DATASET RECORDS:
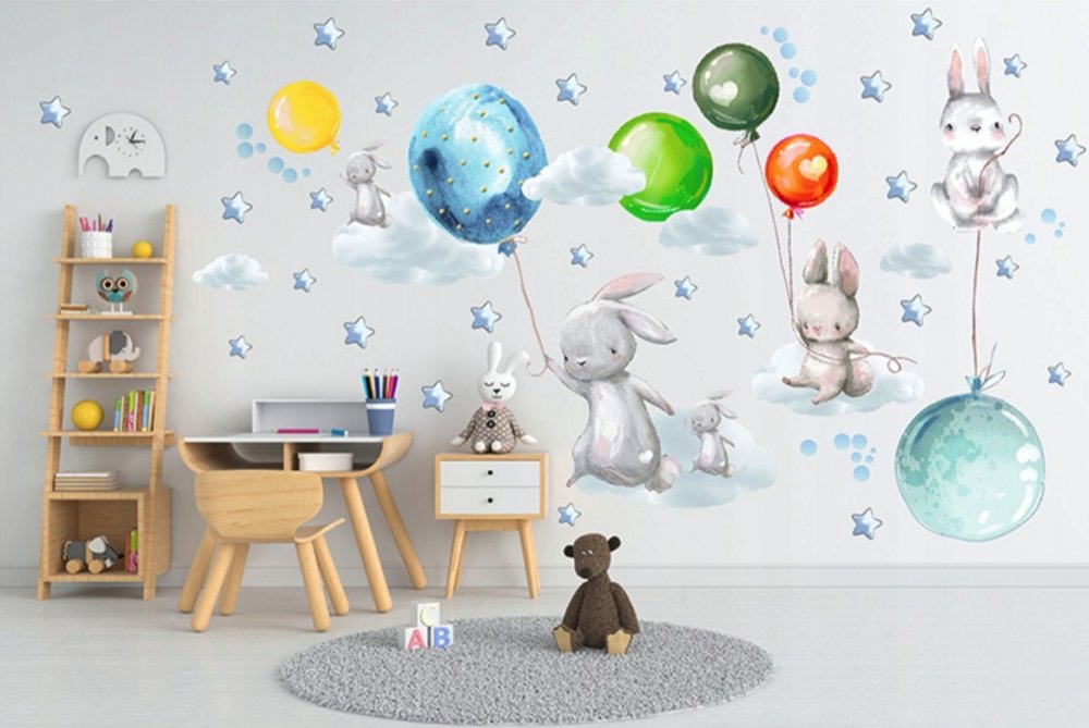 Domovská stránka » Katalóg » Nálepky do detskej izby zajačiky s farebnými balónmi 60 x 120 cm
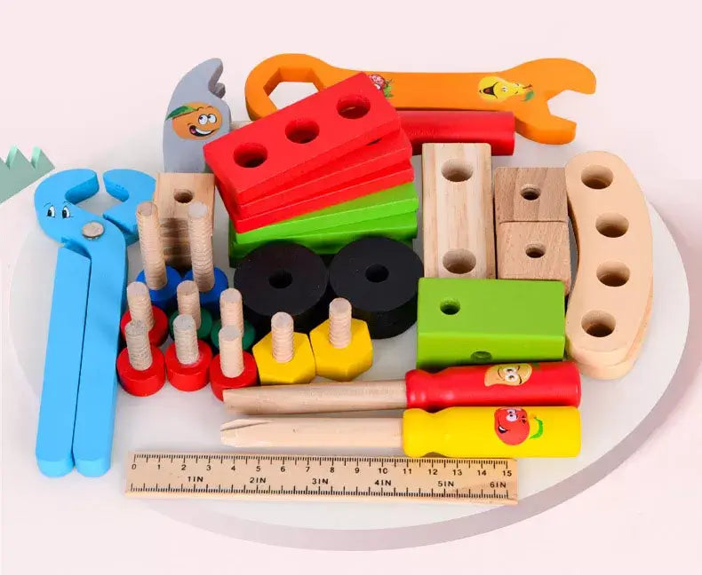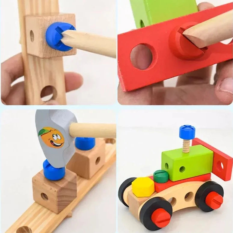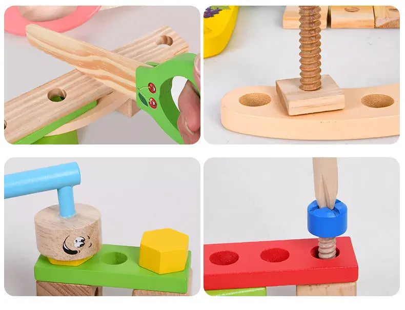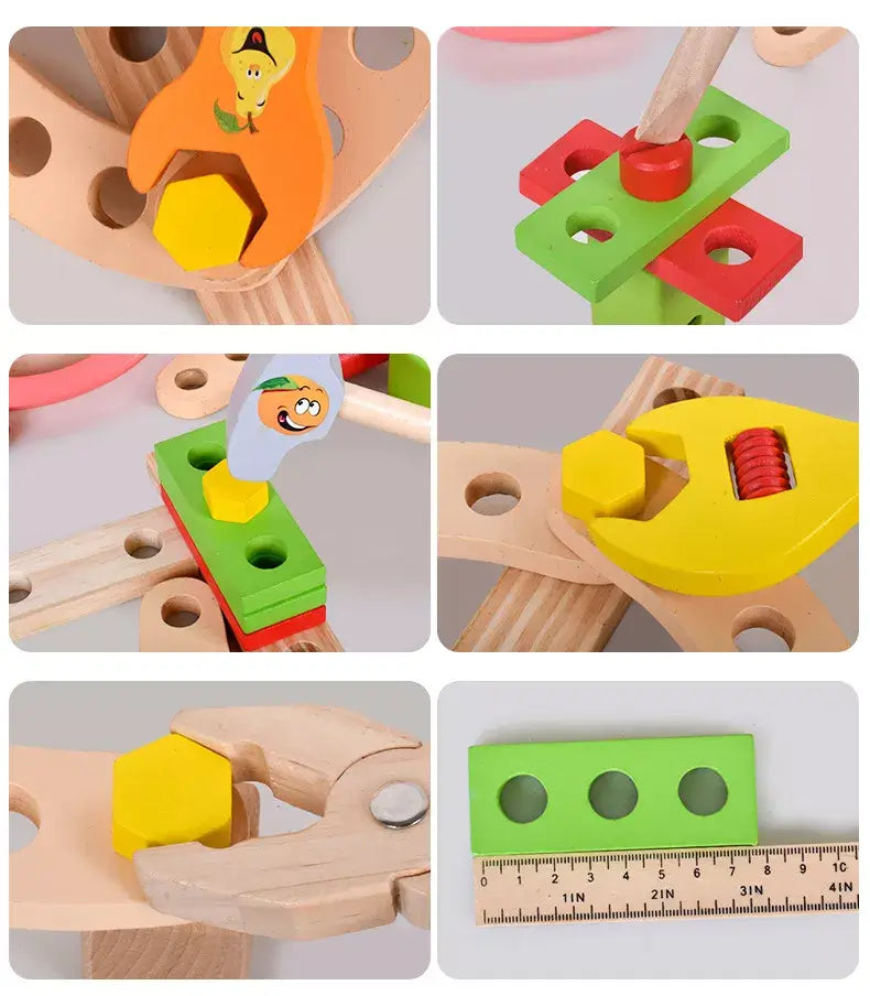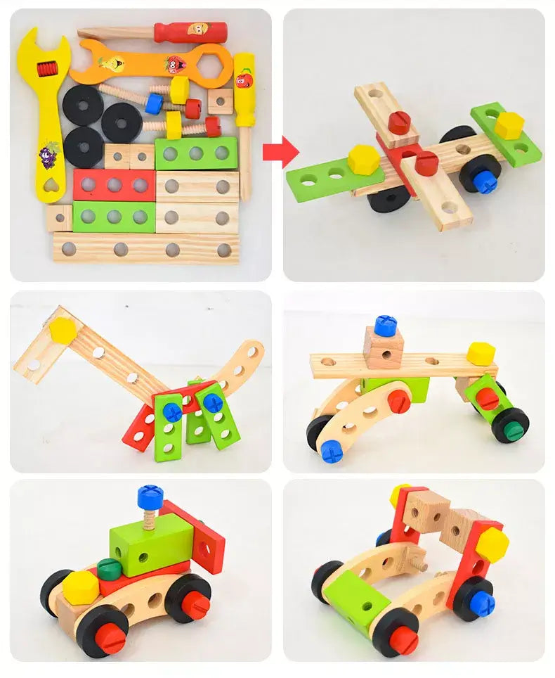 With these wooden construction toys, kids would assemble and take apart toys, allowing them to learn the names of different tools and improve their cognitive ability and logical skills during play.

--

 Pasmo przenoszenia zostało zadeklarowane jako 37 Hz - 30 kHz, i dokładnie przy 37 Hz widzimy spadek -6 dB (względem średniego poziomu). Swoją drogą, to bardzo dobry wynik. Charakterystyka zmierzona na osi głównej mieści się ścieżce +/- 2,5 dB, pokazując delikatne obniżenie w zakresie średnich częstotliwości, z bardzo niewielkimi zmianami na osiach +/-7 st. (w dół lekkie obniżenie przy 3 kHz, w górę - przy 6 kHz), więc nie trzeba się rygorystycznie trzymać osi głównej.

ABOUT THIS TASK: Print nothing but the lines above starting with the line that contains "60 x 120 cm" and going on through the line that contains "With these wooden". Leave out the pictures.

SOLUTION TO THE PROBLEM:
 Domovská stránka » Katalóg » Nálepky do detskej izby zajačiky s farebnými balónmi 60 x 120 cm
 With these wooden construction toys, kids would assemble and take apart toys, allowing them to learn the names of different tools and improve their cognitive ability and logical skills during play.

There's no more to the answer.